Still, it was all put into perspective on meeting a friend who was suffering from a psychological hangover of a very different nature. "If I never see another bottle of champagne or another shut shop, it'll be too soon," he said. He explained that he hadn't had a particularly good Christmas, had been ill and had quite enjoyed New Year, but was just dying for the whole thing to be over now. His was a hangover of a very different nature, but had a rather similar effect - a January spent feeling slightly depressed and deflated by the month that had gone before.

The cures for these kinds of hangovers are as varied as those for the physical hangover, and each person usually finds their own way of dealing with the January blues. There are those who refuse point blank to countenance the idea that the party has stopped at all in an extension of the hair-of-the-dog theory; someone I know is even talking about holding a mince pies and mulled wine do at the end of January.
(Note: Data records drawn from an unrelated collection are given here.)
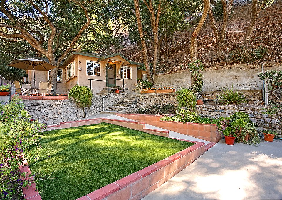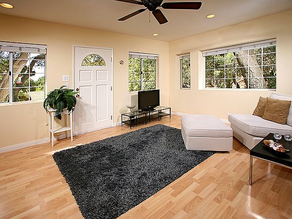 Nestled on top of a private knoll, this storybook cottage encompasses all the peace and privacy one could ever hope to enjoy. Driving to this remarkable home one feels the sense of leaving it all behind even though freeway access is just minutes away. Upon arriving pass through the locking gate, take a step onto the property and breathe it all in. The home is situated on five lots with plenty of useable yard space and hillside where one often sees deer. The home is neat and clean with a bright open living room featuring a fireplace, custom built-in book cases, blinds and new windows. Two spacious bedrooms with good closet space and lots of natural light streaming through the new windows make these rooms very comfortable. The exceptional master bedroom suite boasts a beautiful remodeled bathroom, a cedar lined walk-in closet, blinds and new windows. The eat-in kitchen has tile counter tops, great cabinet space, a garden window and laminate floors.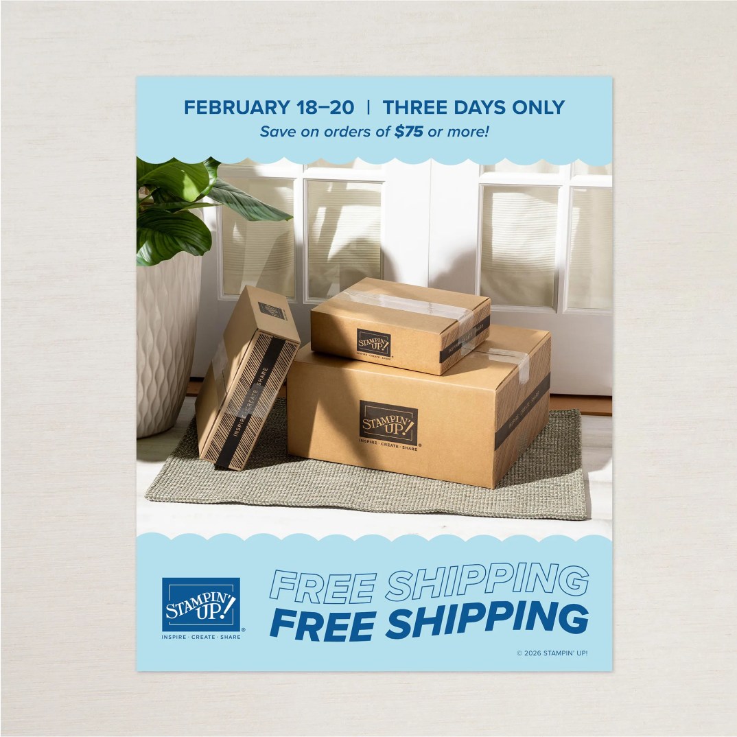 | Hi Stampers! Wednesday through Friday, February 18 – 20, Stampin’ Up! is offering FREE SHIPPING on orders of $75 or more. $75 is the magic number this month. When your order hits $75: FREE Shipping (Wednesday –Friday only) Cash in your Bonus Days codes from your last month’s orders if you made one! The option to purchase this month’s Product of the Month for just $5 Use any Stampin’ Rewards you have accumulated Don’t forget to check the LAST CHANCE category when shopping – lots of retiring products and great deals. |
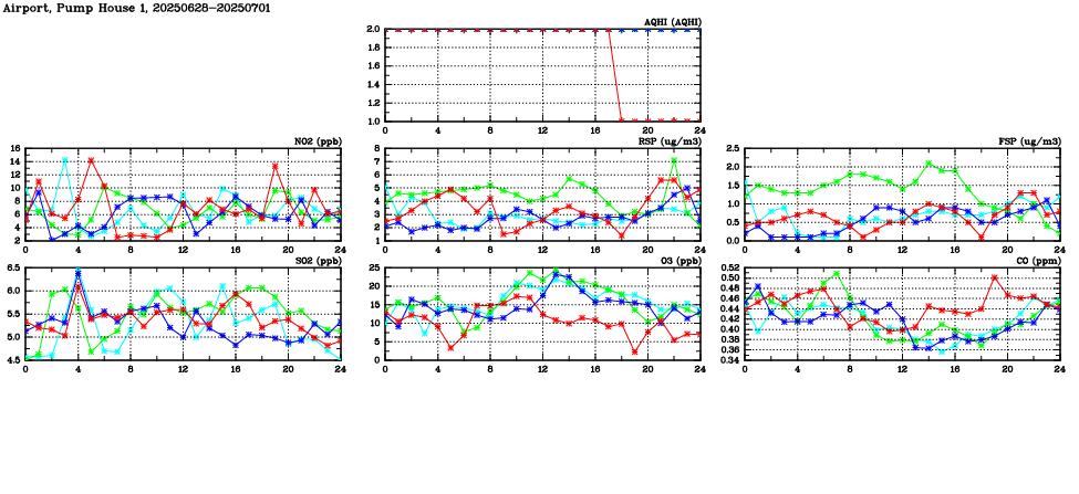 | Air Quality Data Time Series in Airport, Pump House 1 (2025/07/01) | ( Line colors: Day -3 Day -2 Day -1 Current day ) | 2D Map Current AQHI |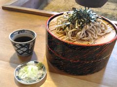 ざるそば(950円)を頂きました。老舗のお蕎麦屋さんは量が少ないイメージがありましたが、こちらは2段で下の段も同じ量が入っています。素人が切ったように(←こちらの店の特徴のようです)太さにばらつきがあり食感が楽しめます。

If you swing the other way, you get really into your new year's resolutions and reassure yourself with squash clubs and new diets and alphabetising your CD collection. You can lie low and nurse your photos and your memories, or you can call January 1st "Year Zero", and attempt to wipe out the entire festive experience. But perhaps the most important thing to remember is that, just like the normal head-thumping hangover, the only way out of the post-festivities blues is through.

There's no point being bracing about depression of any kind - if we could banish it by saying "buck up" to ourselves several times in a cheery voice, we would have done it by now. Still, it's worth remembering that just as the party ends, and the holidays end, and even the dire family dinner, or whatever ends, that this post-festivity hangover also has an end to it. Admittedly there's still February to be dealt with, but it's not for nothing that it's the shortest month. And anyway, it's my birthday in February and some day soon I might just start cooking up some plans for a good party.